• **Data for this task**

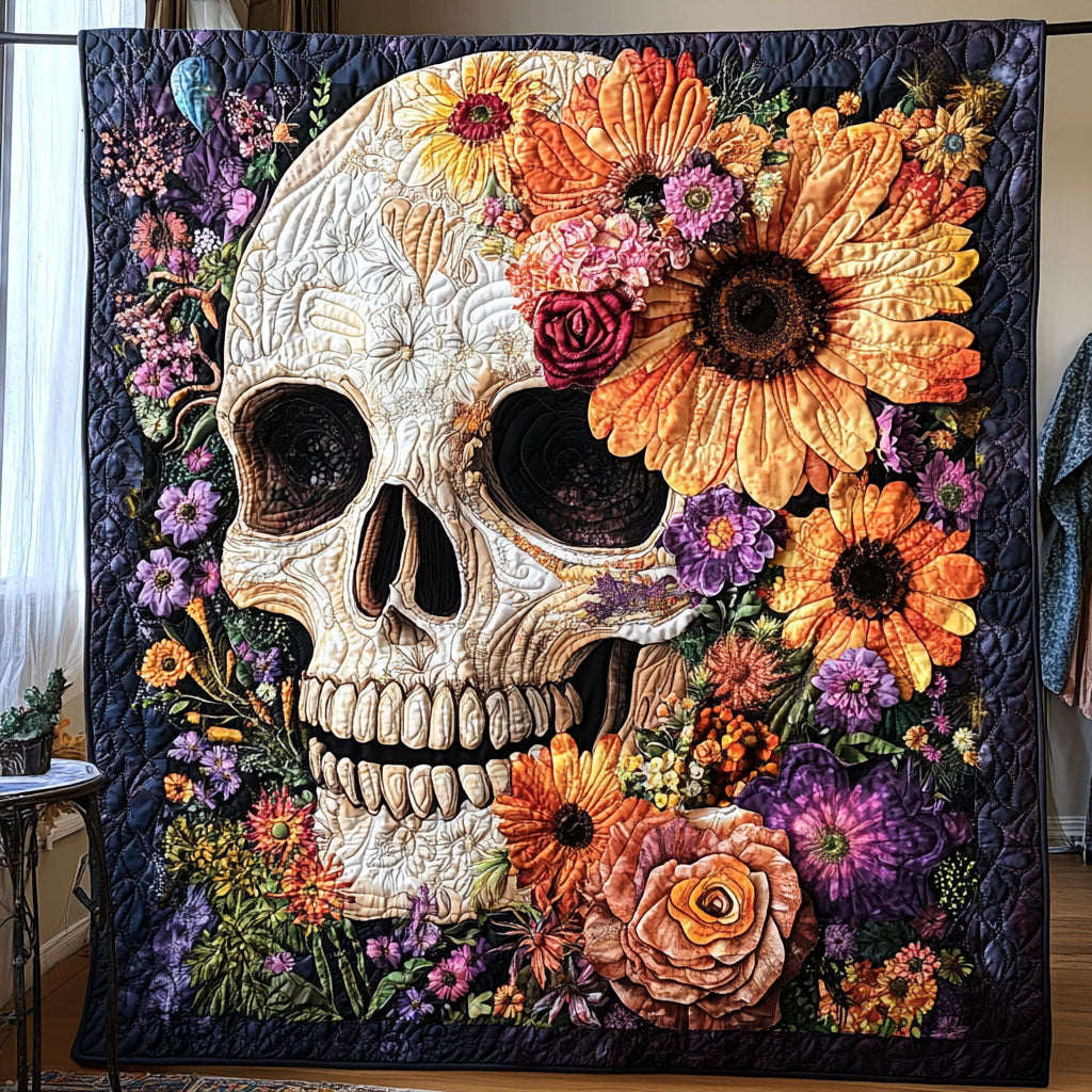 Skeleton Flowers Quilted Blanket NCU0PT1982
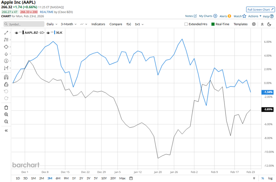 Shares of the Cupertino, California-based company have dipped 7.9% from its 52-week high of $288.62. Over the past three months, AAPL stock has decreased 1.7%, lagging behind the State Street Technology Select Sector SPDR ETF's (XLK) rise of 2% during the same period.
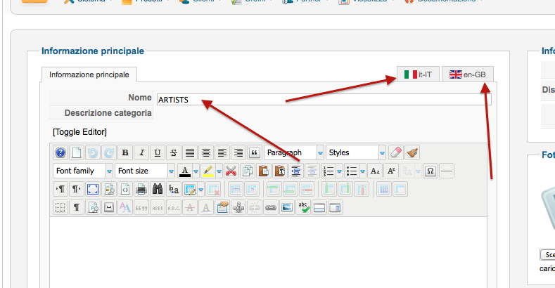 I need to use differente text for the category description (one for english and one for italian), but If I fill the description in IT-it and EN-en tabs, I can't see my translation (see attached image).
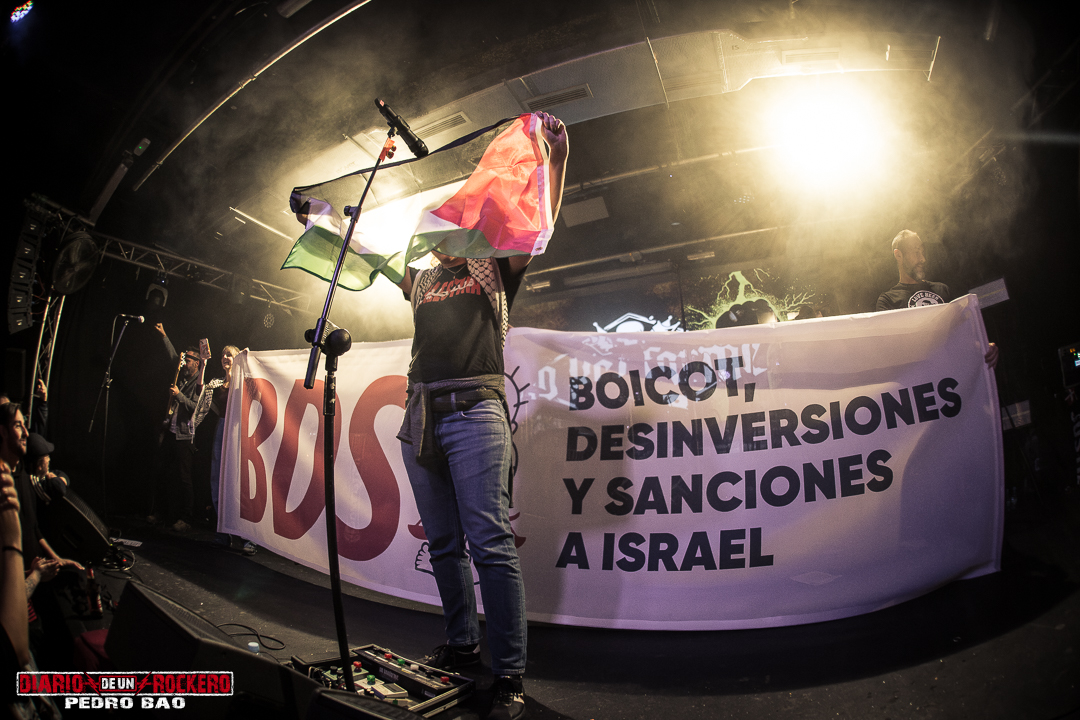 También hay que destacar la aparición de la Asociación BDS Palestina, que salió al escenario para llevar acabo unas proclamas y manifestarse en contra de la guerra en Gaza. Además comentaron que el sábado 21 de marzo hay una manifestación en Madrid a las 18:00 horas con el lema de No A La Guerra. También hay que señalar que, Bauer cumplía años. Sus compañeros le prepararon una sorpresa, una tarta con las velas de los 46 años, para que las soplara in sitio, sobre el escenario. Así fue la celebración de su cumpleaños. También hicieron alusión a la presentación de su nuevo disco «Rayo Que No Cesa».
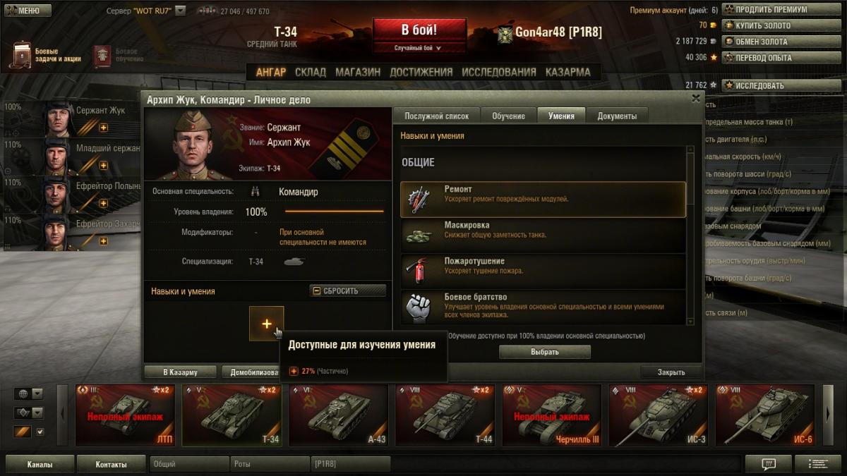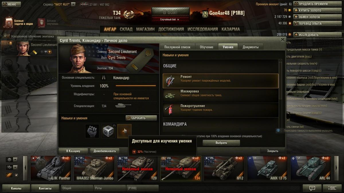 http://cdn-frm-eu.wargaming.net/wot/ru/uploads/monthly_01_2014/post-9483650-0-04696200-1390300779_thumb.jpg У меня вопрос такой. Сколько должно быть нераспределённого опыта экипажа по первому кругу умения чтобы при пересадке за серебро получить 100 % экипаж ? и по второму кругу (третий перк) ? http://cdn-frm-eu.wargaming.net/wot/ru/uploads/monthly_01_2014/post-9483650-0-31835600-1390300843_thumb.jpg

• **Your instructions**
The goal is an exact reprint of the entries, leaving out the pictures.

• **Output for this task**
 Skeleton Flowers Quilted Blanket NCU0PT1982
 Shares of the Cupertino, California-based company have dipped 7.9% from its 52-week high of $288.62. Over the past three months, AAPL stock has decreased 1.7%, lagging behind the State Street Technology Select Sector SPDR ETF's (XLK) rise of 2% during the same period.
 I need to use differente text for the category description (one for english and one for italian), but If I fill the description in IT-it and EN-en tabs, I can't see my translation (see attached image).
 También hay que destacar la aparición de la Asociación BDS Palestina, que salió al escenario para llevar acabo unas proclamas y manifestarse en contra de la guerra en Gaza. Además comentaron que el sábado 21 de marzo hay una manifestación en Madrid a las 18:00 horas con el lema de No A La Guerra. También hay que señalar que, Bauer cumplía años. Sus compañeros le prepararon una sorpresa, una tarta con las velas de los 46 años, para que las soplara in sitio, sobre el escenario. Así fue la celebración de su cumpleaños. También hicieron alusión a la presentación de su nuevo disco «Rayo Que No Cesa».
 http://cdn-frm-eu.wargaming.net/wot/ru/uploads/monthly_01_2014/post-9483650-0-04696200-1390300779_thumb.jpg У меня вопрос такой. Сколько должно быть нераспределённого опыта экипажа по первому кругу умения чтобы при пересадке за серебро получить 100 % экипаж ? и по второму кругу (третий перк) ? http://cdn-frm-eu.wargaming.net/wot/ru/uploads/monthly_01_2014/post-9483650-0-31835600-1390300843_thumb.jpg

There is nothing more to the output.